Duffy family road trip series sparks backlash over fuel costs and timing
Sean Duffy's family road-trip show is drawing ethics scrutiny as gas tops $4.50 and sponsors overlap with Transportation Department oversight.

Sean Duffy’s new family road-trip series has turned a patriotic branding push into a public ethics test, with critics asking whether a sitting Cabinet secretary should star in a travel show while Americans face higher fuel costs and tighter travel budgets.
The five-part reality series, set to air on YouTube, follows Duffy, his wife Rachel Campos-Duffy, and their nine children across the country, from Civil War battlegrounds and the Mayflower landing site to Yellowstone National Park, Philadelphia’s Rocky Steps and the house from The Real World: Boston. The trailer presents the project as part of the nation’s 250th birthday celebration and describes the journey as a “civic experience” meant to highlight the people and places that shape American identity.
That framing has collided with the politics of timing. Former Transportation Secretary Pete Buttigieg called the project “brutally out of touch” as gas prices climbed to more than $4.50 a gallon during the U.S.-Iran war, arguing that ordinary families cannot afford the kind of road trip the show depicts. Duffy pushed back on social media, saying critics were unpatriotic and insisting that the filming happened in short one- to two-day production windows, including weekends and his children’s spring break.
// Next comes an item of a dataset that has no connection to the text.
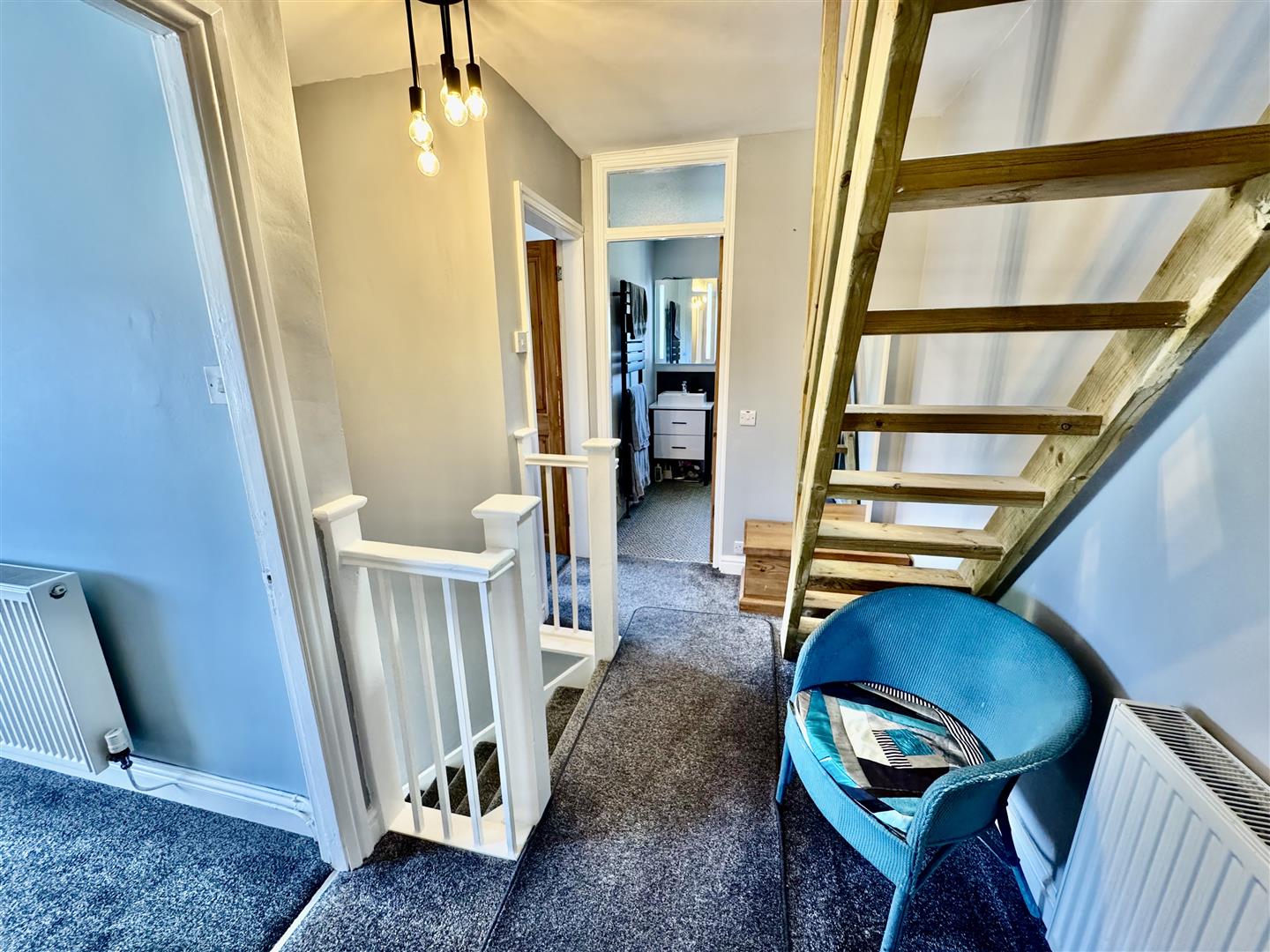 Radiator. Fixed ladder style stairs to loft room.

Duffy also said production costs were paid by Great American Road Trip Inc., not taxpayers, and that neither he nor his family received a salary or royalties. But the project has drawn scrutiny beyond its budget line. The broader Great American Road Trip effort has sponsors that include Boeing, Shell, Toyota, United Airlines and Royal Caribbean, companies that intersect with or are regulated by the U.S. Department of Transportation. Citizens for Responsibility and Ethics in Washington asked the department’s inspector general to examine whether the venture crossed federal gift, travel or ethics rules.
The episode highlights a larger tension in government: public office is increasingly used as a platform, and the line between official duty and personal branding is growing thinner. Duffy’s trailer and promotional material tie the series to America 250, while the department has also attached the theme to a separate expo and related travel campaigns. That gives the secretary’s personal image a direct overlap with the agency’s public messaging.
For Duffy, the project also marks a return to his entertainment roots. Before entering politics, he appeared on MTV’s The Real World: Boston in 1997 and later on Road Rules: All Stars, where he met Campos-Duffy. Now he is using that same reality-TV familiarity to sell a national road trip from within one of the federal government’s most consequential transportation posts.